Assignment
Transcribe word for word the section of the records below that opens with the line containing "Sur place tous" and closes with the line containing "Features: Crafted from"; drop every picture.

Data
--*--

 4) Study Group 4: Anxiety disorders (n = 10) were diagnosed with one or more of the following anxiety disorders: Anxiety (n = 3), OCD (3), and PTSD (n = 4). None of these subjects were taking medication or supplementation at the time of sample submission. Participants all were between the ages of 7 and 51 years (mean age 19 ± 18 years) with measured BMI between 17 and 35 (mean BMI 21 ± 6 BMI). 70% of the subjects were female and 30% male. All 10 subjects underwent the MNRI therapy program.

--*--

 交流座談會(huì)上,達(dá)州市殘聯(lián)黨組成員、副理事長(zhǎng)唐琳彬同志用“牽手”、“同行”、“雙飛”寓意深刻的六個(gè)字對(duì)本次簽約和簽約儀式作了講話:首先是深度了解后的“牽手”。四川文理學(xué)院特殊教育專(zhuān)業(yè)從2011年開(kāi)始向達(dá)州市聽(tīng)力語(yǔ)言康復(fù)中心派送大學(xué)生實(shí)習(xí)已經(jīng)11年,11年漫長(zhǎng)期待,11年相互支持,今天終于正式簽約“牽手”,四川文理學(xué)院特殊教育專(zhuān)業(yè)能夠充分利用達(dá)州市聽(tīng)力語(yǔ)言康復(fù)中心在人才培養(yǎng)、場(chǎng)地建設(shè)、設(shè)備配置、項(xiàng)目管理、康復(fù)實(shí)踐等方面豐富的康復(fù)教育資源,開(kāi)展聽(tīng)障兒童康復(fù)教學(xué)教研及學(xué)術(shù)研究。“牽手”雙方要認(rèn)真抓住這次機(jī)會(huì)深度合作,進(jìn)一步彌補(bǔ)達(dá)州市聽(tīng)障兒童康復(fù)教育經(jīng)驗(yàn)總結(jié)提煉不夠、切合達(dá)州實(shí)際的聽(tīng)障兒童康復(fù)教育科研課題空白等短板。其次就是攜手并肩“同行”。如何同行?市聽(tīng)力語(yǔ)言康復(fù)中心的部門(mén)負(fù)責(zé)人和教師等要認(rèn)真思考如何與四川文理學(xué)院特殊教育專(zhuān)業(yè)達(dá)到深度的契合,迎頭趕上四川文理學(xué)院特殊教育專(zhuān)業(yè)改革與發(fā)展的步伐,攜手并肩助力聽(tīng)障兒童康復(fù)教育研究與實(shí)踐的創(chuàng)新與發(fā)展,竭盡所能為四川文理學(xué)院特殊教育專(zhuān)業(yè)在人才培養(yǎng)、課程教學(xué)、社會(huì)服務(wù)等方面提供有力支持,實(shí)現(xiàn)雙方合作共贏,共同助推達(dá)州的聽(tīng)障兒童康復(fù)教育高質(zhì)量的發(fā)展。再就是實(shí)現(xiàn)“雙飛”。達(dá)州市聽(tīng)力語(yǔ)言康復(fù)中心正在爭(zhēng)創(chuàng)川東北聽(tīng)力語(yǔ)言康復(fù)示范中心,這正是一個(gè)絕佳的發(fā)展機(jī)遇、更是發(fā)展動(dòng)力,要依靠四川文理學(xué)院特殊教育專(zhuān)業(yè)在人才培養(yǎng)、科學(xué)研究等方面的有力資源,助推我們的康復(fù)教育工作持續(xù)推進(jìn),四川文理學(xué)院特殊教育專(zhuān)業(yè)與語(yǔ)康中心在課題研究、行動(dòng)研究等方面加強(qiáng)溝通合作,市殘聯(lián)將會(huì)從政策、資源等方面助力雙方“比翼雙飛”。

--*--

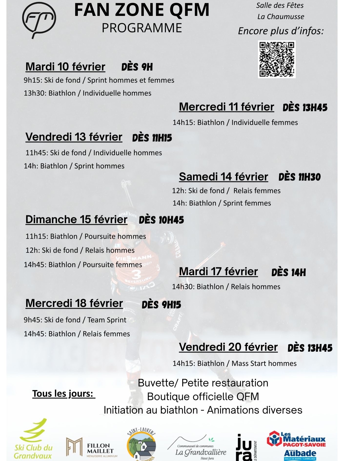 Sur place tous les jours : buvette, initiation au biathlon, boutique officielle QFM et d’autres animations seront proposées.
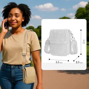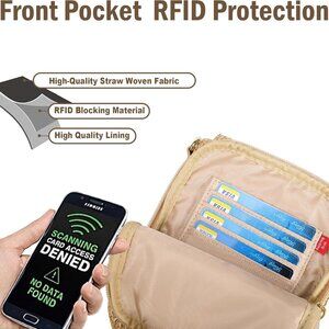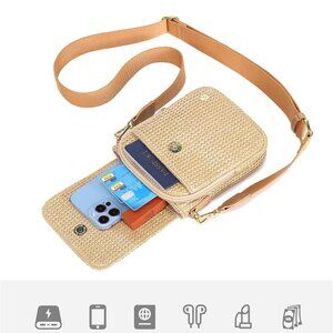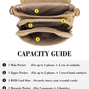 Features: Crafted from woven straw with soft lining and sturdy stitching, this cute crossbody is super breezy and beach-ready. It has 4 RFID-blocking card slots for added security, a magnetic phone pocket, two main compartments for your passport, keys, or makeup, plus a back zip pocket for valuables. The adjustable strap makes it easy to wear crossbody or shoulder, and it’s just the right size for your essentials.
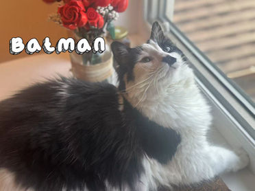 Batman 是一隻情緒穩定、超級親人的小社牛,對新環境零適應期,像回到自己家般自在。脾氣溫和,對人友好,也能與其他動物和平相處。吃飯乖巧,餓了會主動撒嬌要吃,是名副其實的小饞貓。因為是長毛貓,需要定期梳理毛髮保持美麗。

--*--

Solution to the problem
 Sur place tous les jours : buvette, initiation au biathlon, boutique officielle QFM et d’autres animations seront proposées.
 Features: Crafted from woven straw with soft lining and sturdy stitching, this cute crossbody is super breezy and beach-ready. It has 4 RFID-blocking card slots for added security, a magnetic phone pocket, two main compartments for your passport, keys, or makeup, plus a back zip pocket for valuables. The adjustable strap makes it easy to wear crossbody or shoulder, and it’s just the right size for your essentials.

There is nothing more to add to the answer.